A value (numeric) or level (character) at which shape data is to be standardized (i.e., centered); If NULL, the mean of the complete sample is used (only available if there is a single explanatory variable).

tree

A "phylo" object containing a phylogenetic tree. Tip labels should match row names from x.

method

Method used for detrending; options are "orthogonal" (the default) and "residuals" (see details).

newdata

New data to be standardized. It should be provided as either an "mlm" object fitting the same variables used in model measured in a new sample, created through stats::lm(), or a 2-margin matrix of shape descriptors (only for method = "orthogonal"). See details.

Value

A 2-margins matrix, of dimensions n x (k x p) for the case of landmark data and n x (4 x nb.h) for the case of Fourier data (where nb.h is the number of harmonics used in elliptic Fourier analysis).

Details

This function detrends (or standardizes, or corrects) shapes from variation associated with non-shape variables, using either the residuals computed from a linear model fitting the former to the latter (method = "residuals"), or the projection of shapes into a subspace that is orthogonal to variation associated to non-shape variables, computed using the Burnaby approach (method = "orthogonal").
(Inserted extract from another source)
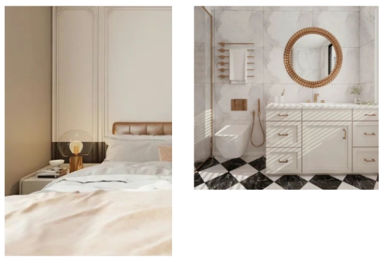 卧室定制柜体与整体风格无缝相融,以利落线条自然承接入户动线,将衣物、日常杂物妥帖收纳;主卧卫生间用白色大理石通铺墙面,勾勒出温润质感基底,定制收纳空间为洗漱用品量身规划,更巧妙嵌入实用设施,让洗衣、梳妆、洗浴功能在此立体交织。
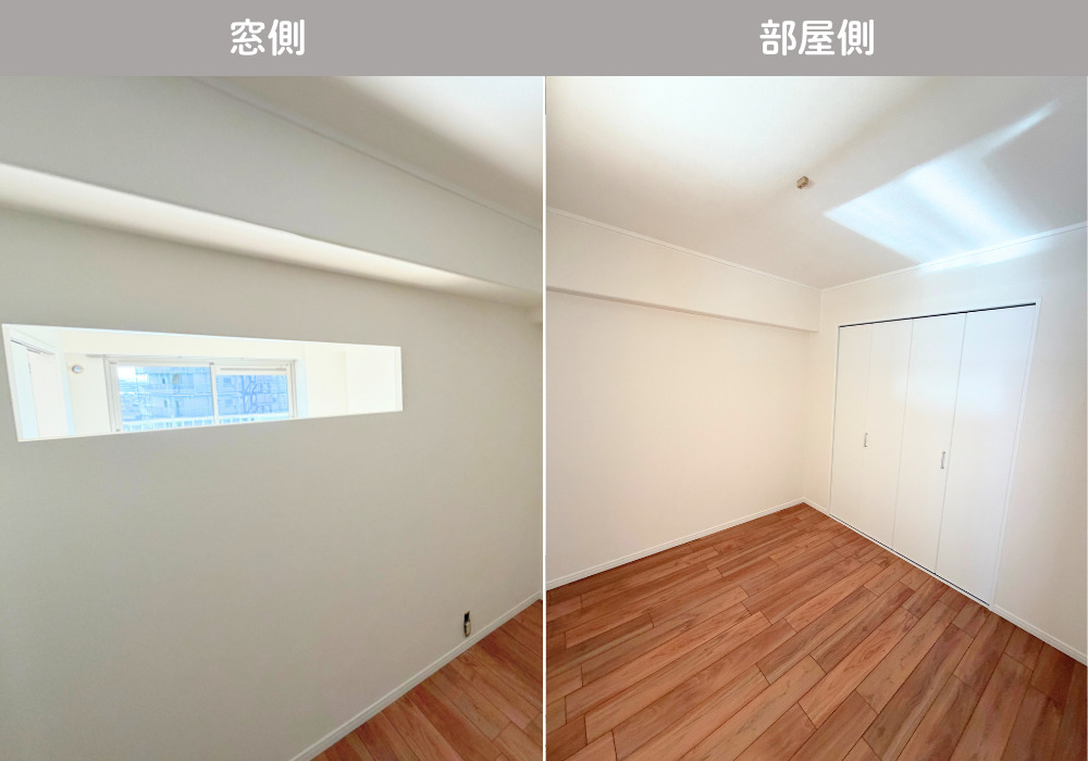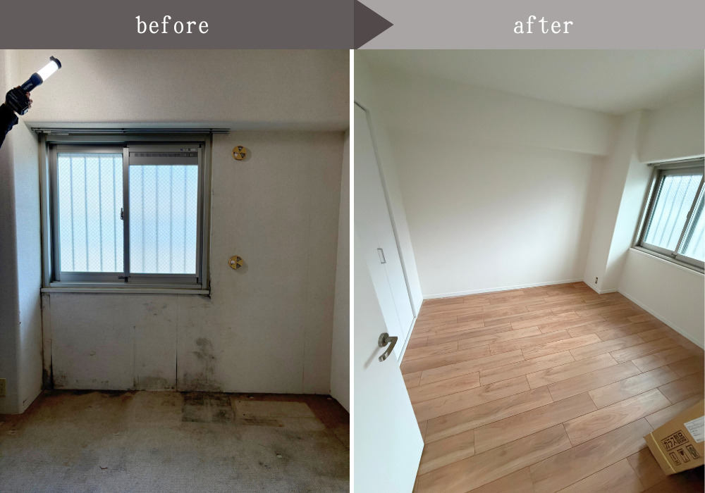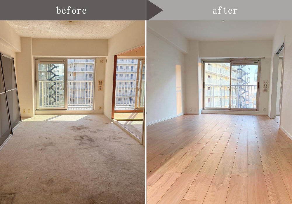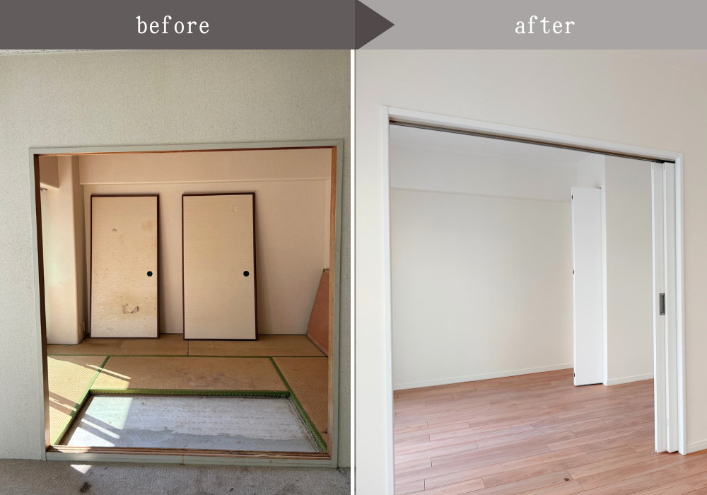 ⑥リビング横 和室 施行前後 元々が和室のお部屋でしたが洋室にリフォームしました。畳よりもお掃除しやすくなるためハウスダストなどアレルギーの心配を減らせます。リビングとの境目も無くなるため扉をオープンするとかなり開放感が出るのでおすすめです。

If newdata is provided as an "mlm" object, shapes from newdata are detrended by "correcting" their relationship with the explanatory variables using the relationship estimated for the data provided in model ("partial detrending"). Specifically, if method = "residuals", shape residuals will be computed by subtracting values fitted to the coefficients from model to the shapes provided in newdata; whereas if method = "orthogonal", shapes are projected into the subspace resulting from the subtraction of the orthogonal subspaces computed for newdata and model.

If method = "orthogonal" and newdata is provided as a 2-margin matrix of shape descriptors, the function will instead return the new set of shapes, detrended using the relationship estimated for the data provided in model (i.e., the shapes provided in newdata are projected directly into the orthogonal subspace computed for the data provided in model).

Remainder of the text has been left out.